# Metal Roofing Brands



## md2lgyk (Jan 6, 2009)

I'm investigating metal roofing for the log home I'm building. Any opinions or recommendations on what brand? I have literature on Fabral but that's about it.


----------



## tinner666 (Mar 14, 2005)

I do mostly copper, so I'm not familiar with all the metal brands. But check out MBCI. https://www.mbcionline.com/shopping...ect&messageType=OnlineOrderingPageDataDisplay


----------



## Ed the Roofer (Jan 27, 2007)

I always liked Peterson Aluminum Corporation, Pac-Clad, and they sell other metals than just Aluminum.

Also, for budgetarry conscious buyers, Berridge makes a good panel, but get the ones with the better Kynar 500 coating applied.

Ed


----------



## Tom Struble (Dec 29, 2008)

there are probably companies that will run off panels right on site check your yellow pages atas international is a company iam familiar with .
kynar 500 finish is the top of the line coating


----------



## roofboy (Jan 18, 2007)

Hello,

We buy most of our coils and flat stock from http://www.custombiltmetals.com/. We have 4 panel machines and two soffit machines. Having these machines makes it easy to run panels to any length. If you do order panels from a company make sure the measurements are correct. I have seen nice roofs that have an ugly ridge because the panel was the wrong size.
Another company we deal with is http://www.aepspan.com/. Most of these panels we put on commecial buildings though.

Keith


----------



## md2lgyk (Jan 6, 2009)

Thanks for all the replies! I am limited to the standing seam style since we want to install solar laminate. I'm still debating whether to try the roof myself.


----------



## OldNBroken (Jun 11, 2008)

Series 300 by Imetco in Atlanta.
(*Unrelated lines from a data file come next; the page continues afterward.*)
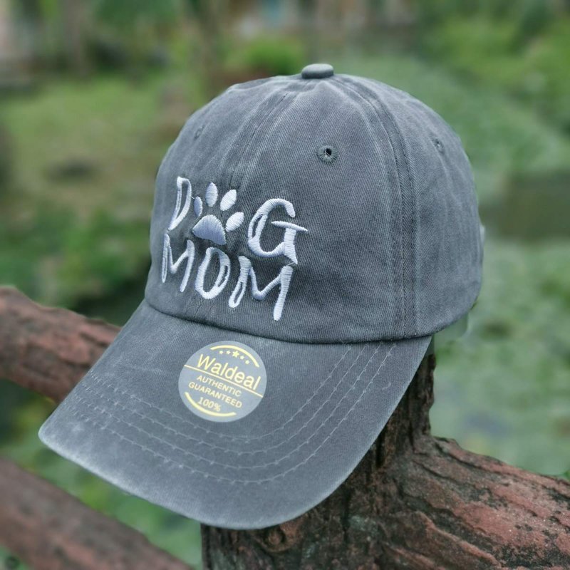 Waldeal Women's Adjustable Embroidered Dog Mom Hat Denim Baseball Cap Puppy Owner Gift Grey
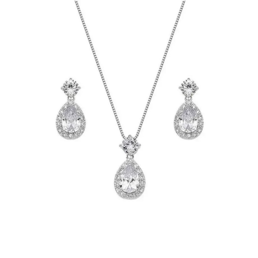 Σετ κοσμημάτων Gloria Hope, από ορείχαλκο με λευκές πέτρες ζιργκόν Swarovski σε ασημί χρώμα.
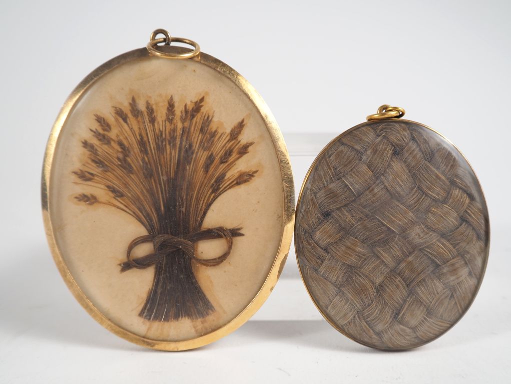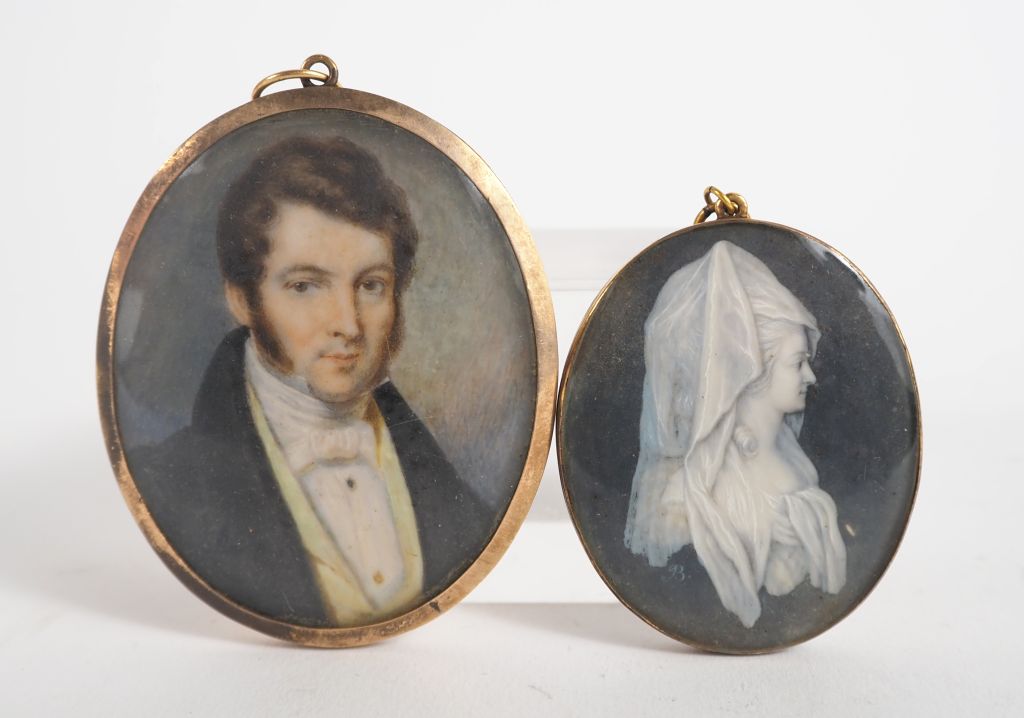 Miniature Directoire, "portrait d'homme au jabot", ornée au revers d'une gerbe de blé en cheveux. Dim. 6,5 x 5 cm. On y joint une miniature XIXème "portrait de femme", ornée au revers d'une tresse en cheveux. Signée. Dim. 5 x 4 cm.
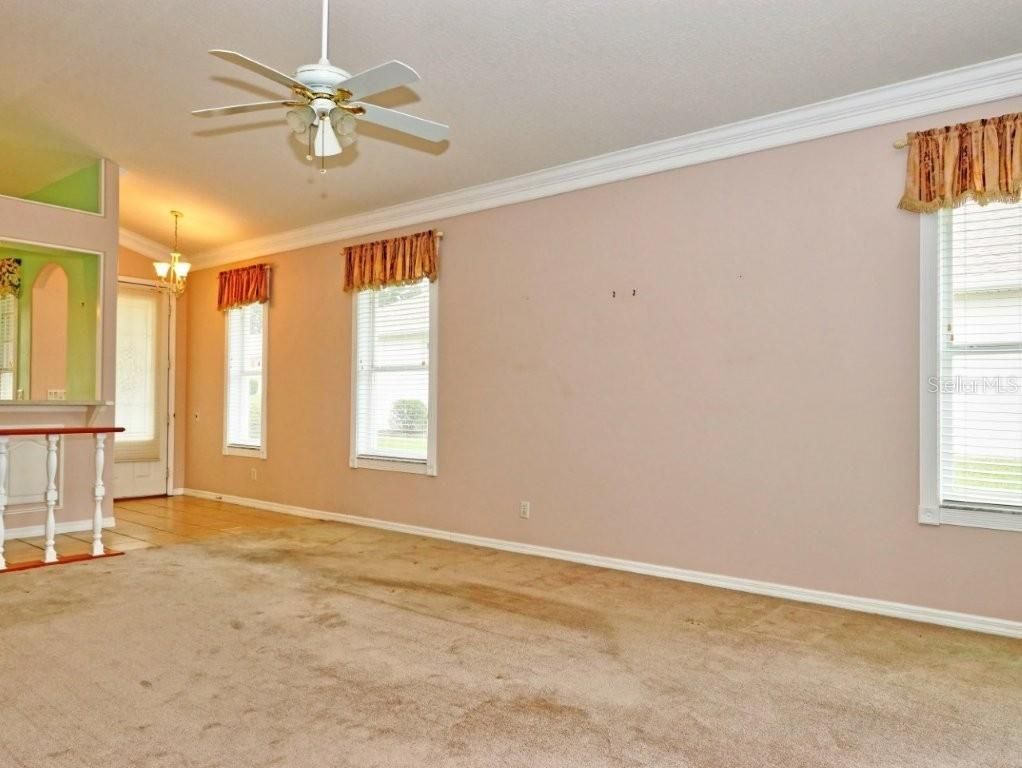 - Ceiling Fan(s), Crown Molding, Eat-in Kitchen, High Ceilings, Open Floorplan, Main Level Primary, Thermostat, Walk-In Closet(s), Window Treatments
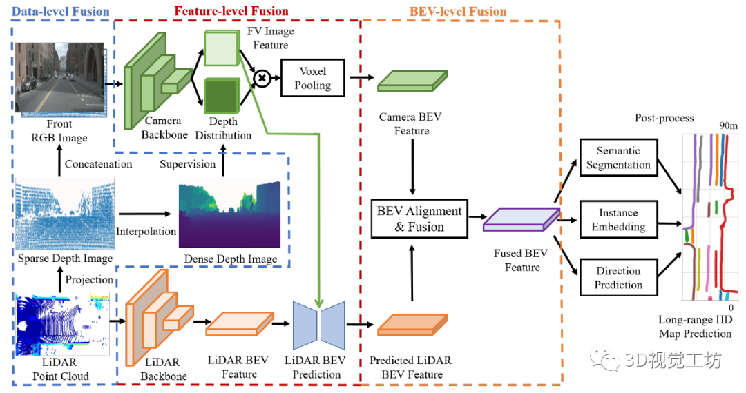 最后,融合后的BEV特征可以支持不同的头部,包括语义分割、实例嵌入和方向预测,进行后处理生成高清地图预测。
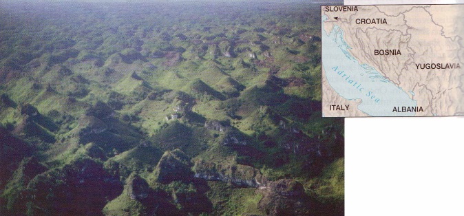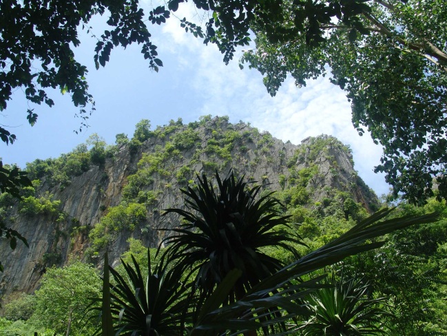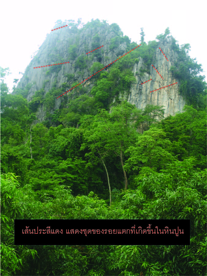 รูปที่ 6.6 คลื่นชายฝั่ง กัดเซาะภูเขาหินปูนที่ตั้งริมทะเล หินปูนมีแนวแตกหลายทิศทาง
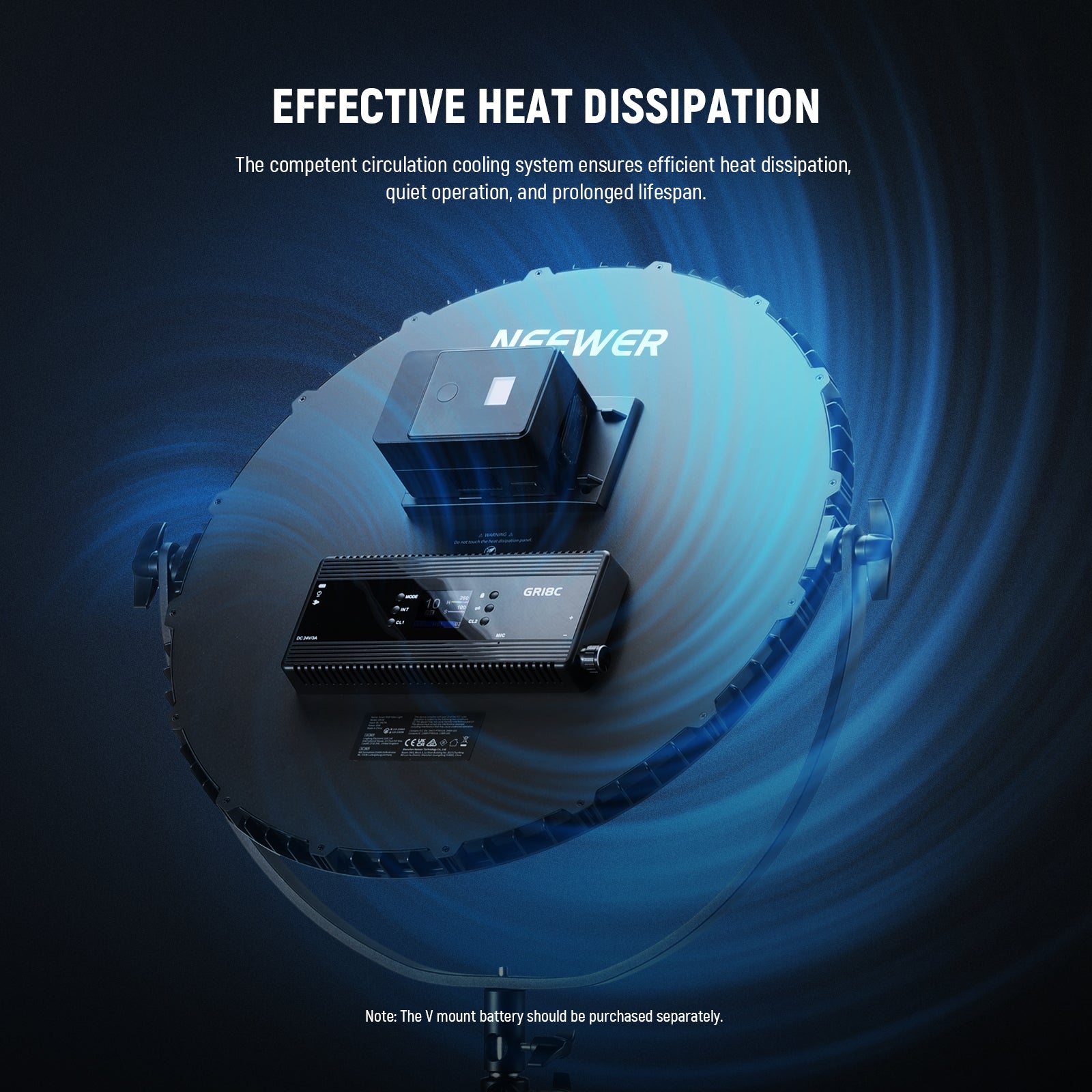 - Power Adapter Included & V Mount Battery Compatible- Includes a 24V power adapter and power cord (US Plug) for indoor use; this LED light panel also features a V mount for V mount batteries like NEEWER PS099E, PS099EP, PS150E, BP-190WS (all not included) for outdoor use, ensuring uninterrupted power throughout the day
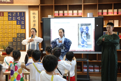 开馆仪式结束,数字国学馆面向到场师生开展了实践体验课,由国学时代教育培训部总监吴涛带领大家走进数字国学馆,从馆内布局到数字资源,从经史子集到诸子百家,向大家介绍了数字国学馆有“知识存储”的特性,又能弘扬传统文化;国学时代市场运营部高级讲师、高级传统文化讲师张萌为大家带来主题为“衣冠上国 礼仪之邦”汉服文化体验课,张萌先生身着汉服,带领大家了解汉服,学习汉服文化,在场师生站姿端正、拱手作揖,学习华夏礼仪。置身于此,聆听经典,师生们深深感受到传统文化根植于心的重要性。老师们纷纷表示打开了育人新思路,要借助数字国学馆,依托丰厚的教育资源,使中华优秀传统文化落地生根。

Far and away the best engineered SS around


----------



## Tom Struble (Dec 29, 2008)

what makes you say that?


----------



## OldNBroken (Jun 11, 2008)

[email protected] said:


> what makes you say that?


many years experience with all the systems above.

For lower-end systems I have a very good relationship with our local custombilt dealer and it is as acceptable a product for those applications as any of the others and more often than not, considerably cheaper. For quality and engineering though, nothing comes close to series 300.


----------



## Tom Struble (Dec 29, 2008)

thanks for the info ill have to check it out


----------